Viva Vivaldi -- and vive le difference.
The Viva Vivaldi concert Nov. 6 at Holy Trinity Lutheran Church showed that this Baroque-focused festival, now in its 38th season, dares to mix it up now and then.
In a change of pace, it featured two big-league "Vicarious Visionaries" -- Johann Sebastian Bach, and Ludwig van Beethoven. The Beethoven took up the entire second half. It was the "Emperor" Concerto, with pianist Alexander Aylward as soloist.
Aylward, a student at Boston College, is the son of Buffalo Philharmonic Orchestra assistant concertmaster Ansgarius Aylward. He is a live one. Tall, rail-thin and impeccably turned out, he comes striding from the wings brimming with confidence and nerve. Turning toward the packed church, he made a speech about the concerto, quoting German philosophers.
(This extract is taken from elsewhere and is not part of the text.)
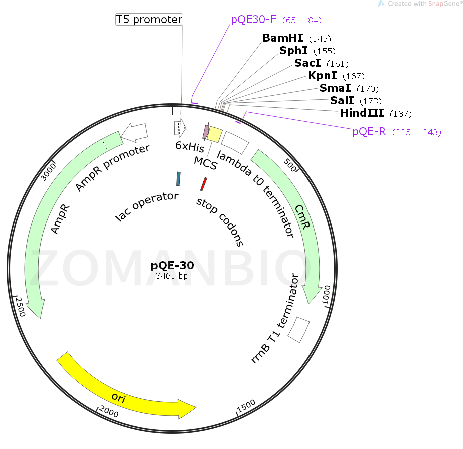 pQE-30質(zhì)粒含有一個強(qiáng)大的噬菌體T5啟動子(被E.coli RNA 聚合酶識別),并含有兩個lac操縱子遏制模塊,用于在E.coli中嚴(yán)謹(jǐn)調(diào)控,高水平表達(dá)融合蛋白。在高水平lac遏制子存在的情況下,蛋白合成被有效阻斷,細(xì)胞毒素載體的穩(wěn)定性增強(qiáng),pQE載體可以在重組蛋白的N端或C端帶上6×His標(biāo)簽。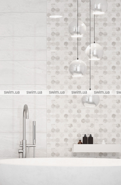 Настінна плитка Marmo Milano світло-сіра відрізняється нейтральним відтінком, її можна використовувати в інтер'єрі як саму по собі, так і в поєднанні з іншими облицювальними матеріалами. У колекції Marmo Milano український виробник Golden Tile пропонує унікальне поєднання класичного мармуру з цікавим ультрасучасним геометричним візерунком, але кожен користувач має можливість для різноманітних експериментів з інтер'єром.

The speech ended on a sublime note, something along the lines of how the world changed with the famous first chords of this concerto -- "the chords you are about to hear," Aylward said.
High-minded introductions seem to be a trademark of his. There is a YouTube video of him playing a Beethoven's Concerto No. 1 at Viva Vivaldi another year, and he did the same thing. Anyway, on Sunday, his speech complete, he sat down at the piano. Marylouise Nanna gave the downbeat. The Ars Nova Musicians sounded the famous opening. And Aylward delivered the goods.
To say he was self-possessed is understating things. Playing from memory on Holy Trinity's big Steinway grand, he seemed to enjoy every minute. He was free with grand virtuoso gestures, body tilting back, hands flying over his head. He made eye contact with the audience.
You could argue he could have been more subtle here and there. The slow movement of this concerto should be transcendent, and I don't think Aylward is there yet. But he has a fine instinct for the music, and his performance, as broadly drawn as it was, was in good taste. I got the sense that he felt the music and understood what is exciting about it. Let's hear it for showmanship. Who needs another stiff, you know?
The orchestra appeared to be savoring the experience as much as he was. Nanna, chic and animated, conducted with a lilt. She made it easy to notice how the piano and the orchestra played off each other and answered each other. The musicians were all attentive to Aylward and in tune with his approach. That magical moment when the second movement ends, and then blasts into the third movement -- I expected that would be a thrill, and it was.
The evening's first half also featured high-wattage soloists.
Violinist Mari Jones had a pizzazz that carried over into the Vivaldi concerto she played. She played up the music's rhythm -- you could almost call it swing -- and in the exciting finale she projected a lot of joy. There was laughter when Jones, after her dramatic performance, returned to take her seat in the orchestra's violin section. Moments like that are part of the charm of these concerts.
Amy Glidden, the BPO's associate concertmaster, gave grace to an interesting Vivaldi concerto, "L'Inquietudine." The performance had a beguiling lightness, the bow of the violin dancing on the strings. The piece ended in a burst of majesty.
Oboist Paul Schlossman's performance of Bach's Concerto in A for oboe d'amore was a delight. This concerto had one of those beautiful romantic Bach slow movements, with meandering, chromatic, sensuous lines, and Schlossman played it with simple loveliness. The oboe's delicate tone sounded sweet in the church. My eyes kept wandering toward the statues of the angels.
This was Viva Vivaldi at its best. There was so much to enjoy and to remember.
Two concerts remain. At 6:30 p.m. Nov. 13, Nanna and the Ars Nova will join forces with the Buffalo Suzuki Strings, violinist Matthew Cone, cellist Drew Cone, and Benjamin Mekinulov, the son of BPO cellist Roman Mekinulov. This concert takes place at the Hellenic Orthodox Church, 146 W. Utica St.
And at 6:30 p.m. Nov. 20, Viva Vivaldi wraps up with a concert at First Presbyterian Church on Symphony Circle. Donna Lorenzo is the soloist in a concerto for viola d'amore, and BPO violinist Diana Sachs steps into the spotlight for a Vivaldi concerto nicknamed "Il Grosso Mogul."